It's even deeper than that.
It's that we are usually completely unaware of our own mental processes.
When you recognized that coffee cup earlier, did you feel your retina detecting the edges?
Did you feel your memory searching for the concept of a handle?
No, of course not.
I just saw the cup.
Exactly.
The processing is hidden from you.
You only get the final result.
If we relied on people telling us how they think, we'd get a mic of the world drawn by someone who's never left their basement.
So cognitive psychology assumes we are like computers to move the study into the realm of the empirical.
We use controlled conditions to infer what's happening in the software based on the behavior we can actually measure.
Okay, that makes sense.
We treat the mind as an information processor because it gives us something we can actually test.
But this field doesn't exist in a vacuum.
Not at all.
The text describes this massive ecosystem of related disciplines that all feed into cognitive psychology.
It's like a family tree, and some of the relatives are pretty heavy hitters.
It is convergence of fields.
And understanding that ecosystem is vital, you have cognitive science, which is the heavy hitter on the computer models.

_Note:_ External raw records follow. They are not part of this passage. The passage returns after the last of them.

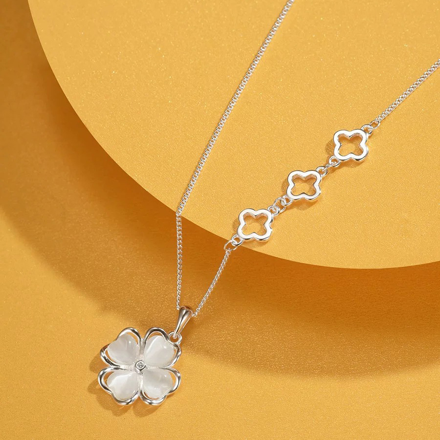 999 Pure Silver Natural Cat's Eye Stone Necklace for Women, Four-Leaf Clover Pendant, Light Luxury, Simple, High-End, Fashionable Autumn and Winter Jewelry
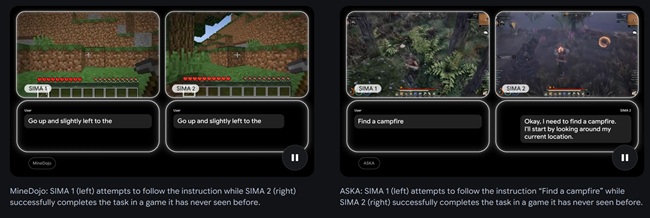 The agent demonstrates improved generalization, capable of executing complex instructions in games it was not explicitly trained on, including the Viking survival game ASKA and MineDojo, a Minecraft research environment.
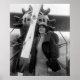 Hübsche Frau, die im Bolling Field einen Kanzler des Vintagen Flugzeugs der 20er Jahre hält. Schönes altes Mode- und Luftfahrt-Foto im März von 1929.
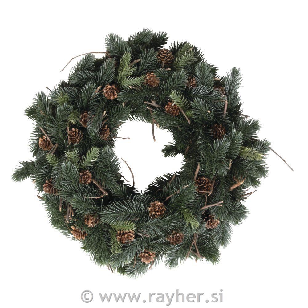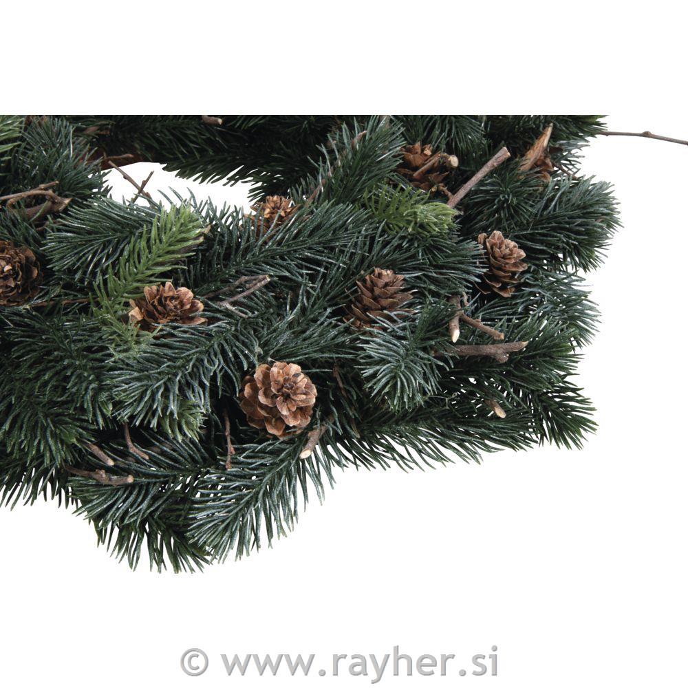 Venec, 40 cm o, iz gosto obdelanih umetnih vej. Jedro je obroč iz stiropora, ovit z rjavim papirjem, ki preprečuje, da bi se beli stiropor prebil skozi. Visokokakovostni umetni venec v naravni jelkovi zeleni barvi, okrašen s pravimi macesnovimi storži in pravimi vejami. Lahko se uporablja za notranje dekoracije ali, kot venec na vratih. Venec lahko dodatno okrasite, mu dodate lučke, dekoracije,…
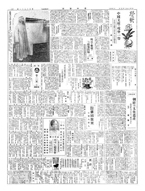 - 中國文壇(중국문단)의現勢一瞥(현세일별) 一年間(일년간)의論壇(논단)、創作界(창작계)、刋行物界等(천행물계등)【一(일)】
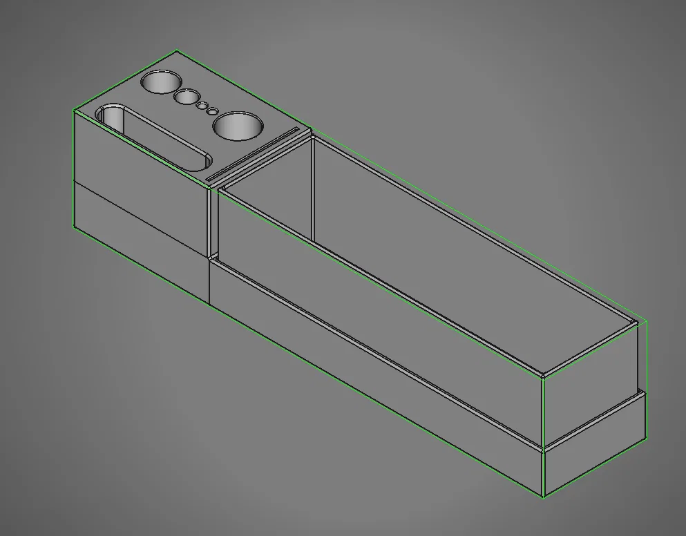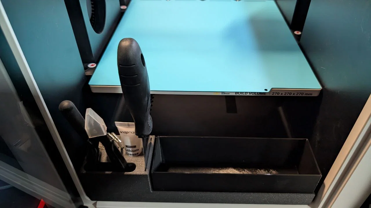 Mình thiết kế cái hộp này để đặt ngay phía trước printbed, vừa để sẵn những món tool hay xài nhất vừa hứng mấy mẩu nhựa nhỏ ;)
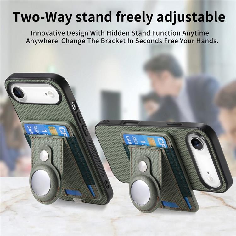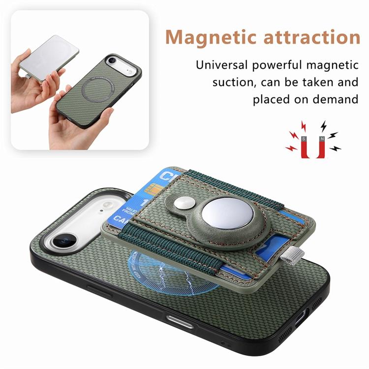 iPhone 17 Air Mobilskal AirTag Detachable korthållare Läder + TPU + PC - Grön

The text outlines three specific ways these scientists model the mind to predict behavior.
And these aren't just abstract ideas, they're like blueprints for how we might be wired.
Let's break those down because this is where the text gets a bit technical.
The first one it mentions is semantic networks.
Okay, so imagine a massive spider web.
In a semantic network, concepts are nodes.
So picture a dot representing bird, another dot representing wings, and another for Robin.
And the strands of the web are the connections.
They're the links.
So knowledge is basically geometry.
It's just how close things are to each other.
In a way, yes.
The links represent relationships.
Has wings, can fly, is yellow.
And the key here is learning is the act of adding new strands or changing the weight of the connection.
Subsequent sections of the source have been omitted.